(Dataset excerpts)

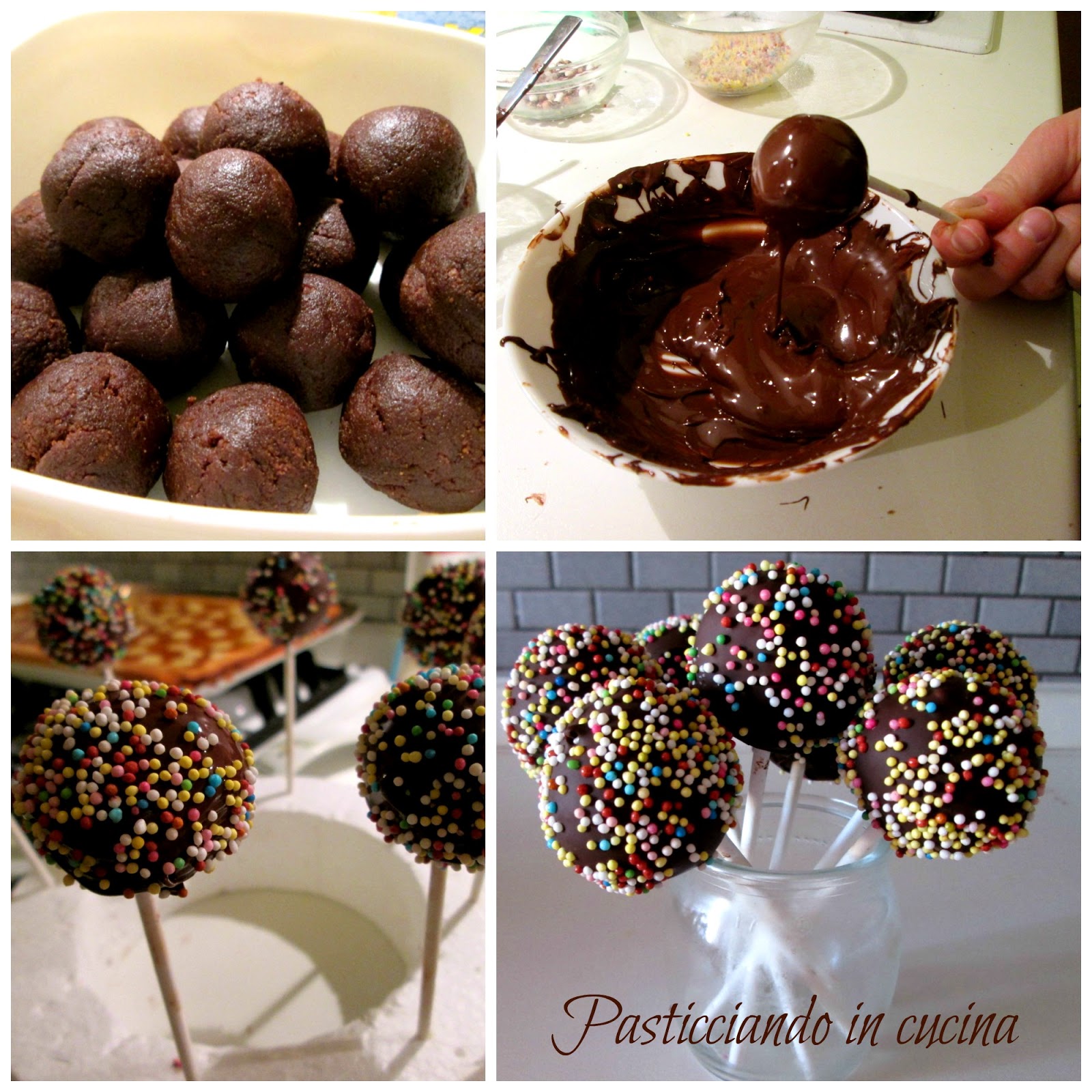 Abbiamo preparato una crostata con la marmellata e dei simpatici cake pops (bocconcini di torta ricoperti di cioccolato fondente e codette di zucchero colorato!)
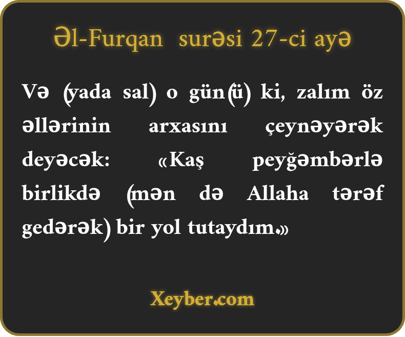 Və (yada sal) o gün(ü) ki, zalım öz əllərinin arxasını çeynəyərək deyəcək: «Kaş peyğəmbərlə birlikdə (mən də Allaha tərəf gedərək) bir yol tutaydım.»
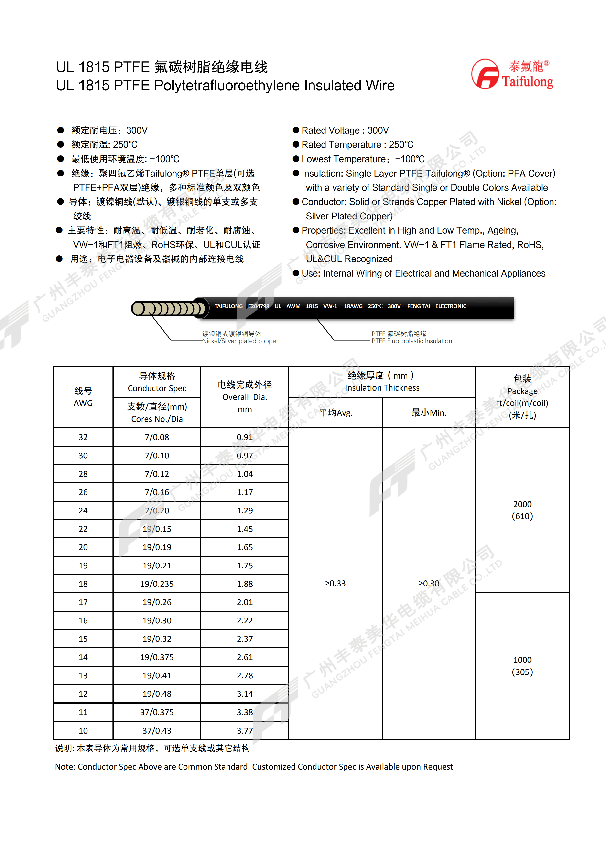 | 线号 AWG | 导体规格 | 电线完成外径 mm | 绝缘厚度(mm) | 包装 (米/扎) | |
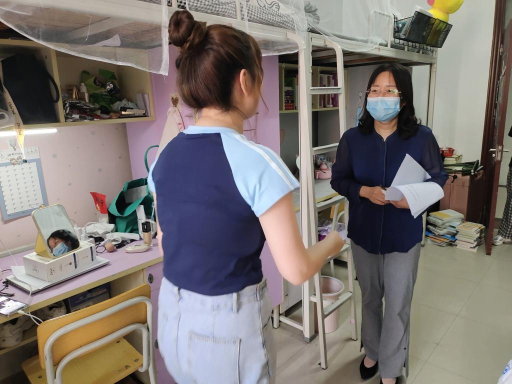 在走访过程中,领导老师们对宿舍生活环境进行安全隐患排查,强调安全重要性。全方位了解近期学生在校学习生活状况,并针对近期学生反映情况,耐心向学生解疑释惑,叮嘱同学们要严格遵守学校疫情防控期间校园管理工作要求、做好疫情防控常态化下自我管理和个人防护,养成良好的生活卫生习惯,注意身心健康。
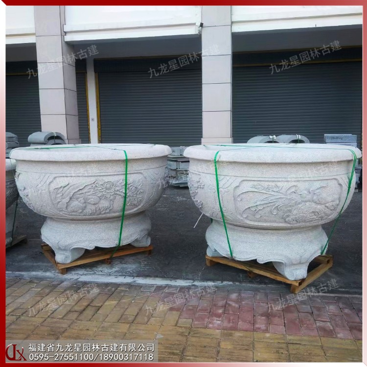 石雕做成的中式石材花缽古樸大方,古香古色,非常適合中式建筑的搭配展示,特別是這種具有現(xiàn)代特色的經(jīng)典傳承文化的創(chuàng)新之作,更是讓人感到耳目一新,并且庭院中擺放這樣的精致雕刻的花缽,在一定程度上提升了整個(gè)建筑的檔次。
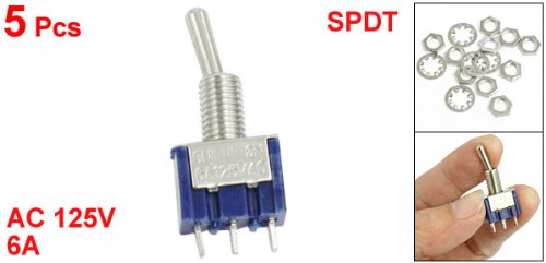 Uxcell a12072300ux0597 Single Pole Double Throw SPDT On/On Toggle Switch, 5 Piece, AC 125V, 6 Amp
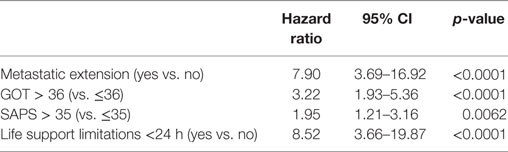 During the study period, 115 patients were discharged from the hospital. Median survival after hospital discharge was 12.8 months (95% CI: 8.2–20.7). Table 6 shows the results of the univariate analyses for prognostic factors for survival after hospital discharge. The following variables were significantly associated with survival in univariate analyses: metastatic disease, cancer phase at ICU admission, cancer status, GOT, PAL, hemoglobin and lactate dehydrogenase (LDH) levels, SAPSII and Charlson scores, ICU life support limitations <24 h; in addition to those, we added in the multivariate model the variables with a p-value <0.2: Fi O2, GPT, and CRP levels, SOFA score, lymphocytes count. In multivariate analysis (Table 7), we found four statistically independent prognostic factors for survival after hospital discharge: metastatic disease (HR 7.9, 95% CI:3.69–16.9, p < 0.001), GOT above the median value (HR 3.22 95% CI:1.93–5.36, p < 0.001), SAPS score above the median value (HR 1.95 95% CI:1.21–3.16, p = 0.006), and ICU life support limitations at or during the first 24 h of ICU admission (HR 8.52 CI 95%:3.66–19.87, p < 0.001).
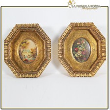 Antica Coppia Di Quadri Miniature Dipinti Olio Su Tavola Cornici In Legno Dorato Cornici Cornici In Legno Miniature
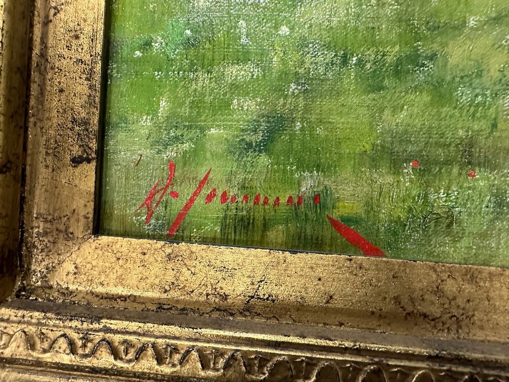 Antonio Sannino Landscape Painting, Naples Artist, Batte Furniture Piece, on canvas, framed, 23"h., 33"w, Location Front Shelves Antonio Sannino Landscape Painting, Naples Artist, Batte Furniture Piece, on canvas, framed, 23"h., 33"w, Location Front Shelves
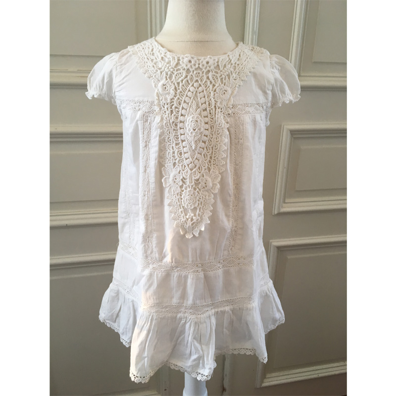 Vacker vit klänning med spetsdetaljer från Kappahls Vintage stories kollektion. Aldrig använd och i väldigt gott skick i storleken 92.
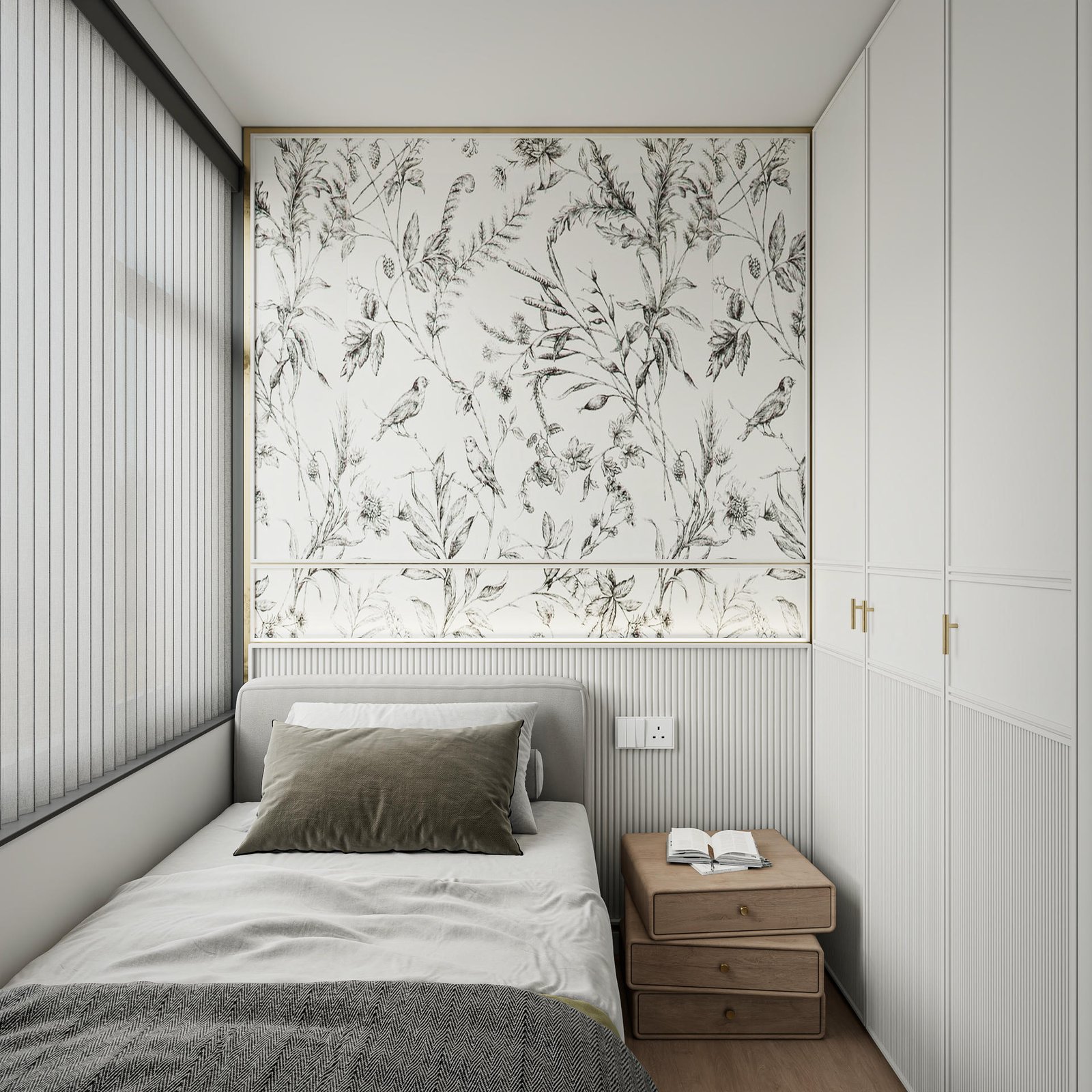 在兒童房設計上,我們延續了整體的設計語彙,以柔和的灰白色為主調,搭配簡潔的條子與花草圖案,營造出一個寧靜而富有想像力的成長空間,溫柔地呵護著孩子的童年。

> Work to be completed
Reproduce the data above exactly, but only the lines from the one showing "绝缘厚度(mm) | 包装 (米/扎) | |" through the one showing "Antica Coppia Di", with both ends kept and the pictures left out.

> Solution
 | 线号 AWG | 导体规格 | 电线完成外径 mm | 绝缘厚度(mm) | 包装 (米/扎) | |
 在走访过程中,领导老师们对宿舍生活环境进行安全隐患排查,强调安全重要性。全方位了解近期学生在校学习生活状况,并针对近期学生反映情况,耐心向学生解疑释惑,叮嘱同学们要严格遵守学校疫情防控期间校园管理工作要求、做好疫情防控常态化下自我管理和个人防护,养成良好的生活卫生习惯,注意身心健康。
 石雕做成的中式石材花缽古樸大方,古香古色,非常適合中式建筑的搭配展示,特別是這種具有現(xiàn)代特色的經(jīng)典傳承文化的創(chuàng)新之作,更是讓人感到耳目一新,并且庭院中擺放這樣的精致雕刻的花缽,在一定程度上提升了整個(gè)建筑的檔次。
 Uxcell a12072300ux0597 Single Pole Double Throw SPDT On/On Toggle Switch, 5 Piece, AC 125V, 6 Amp
 During the study period, 115 patients were discharged from the hospital. Median survival after hospital discharge was 12.8 months (95% CI: 8.2–20.7). Table 6 shows the results of the univariate analyses for prognostic factors for survival after hospital discharge. The following variables were significantly associated with survival in univariate analyses: metastatic disease, cancer phase at ICU admission, cancer status, GOT, PAL, hemoglobin and lactate dehydrogenase (LDH) levels, SAPSII and Charlson scores, ICU life support limitations <24 h; in addition to those, we added in the multivariate model the variables with a p-value <0.2: Fi O2, GPT, and CRP levels, SOFA score, lymphocytes count. In multivariate analysis (Table 7), we found four statistically independent prognostic factors for survival after hospital discharge: metastatic disease (HR 7.9, 95% CI:3.69–16.9, p < 0.001), GOT above the median value (HR 3.22 95% CI:1.93–5.36, p < 0.001), SAPS score above the median value (HR 1.95 95% CI:1.21–3.16, p = 0.006), and ICU life support limitations at or during the first 24 h of ICU admission (HR 8.52 CI 95%:3.66–19.87, p < 0.001).
 Antica Coppia Di Quadri Miniature Dipinti Olio Su Tavola Cornici In Legno Dorato Cornici Cornici In Legno Miniature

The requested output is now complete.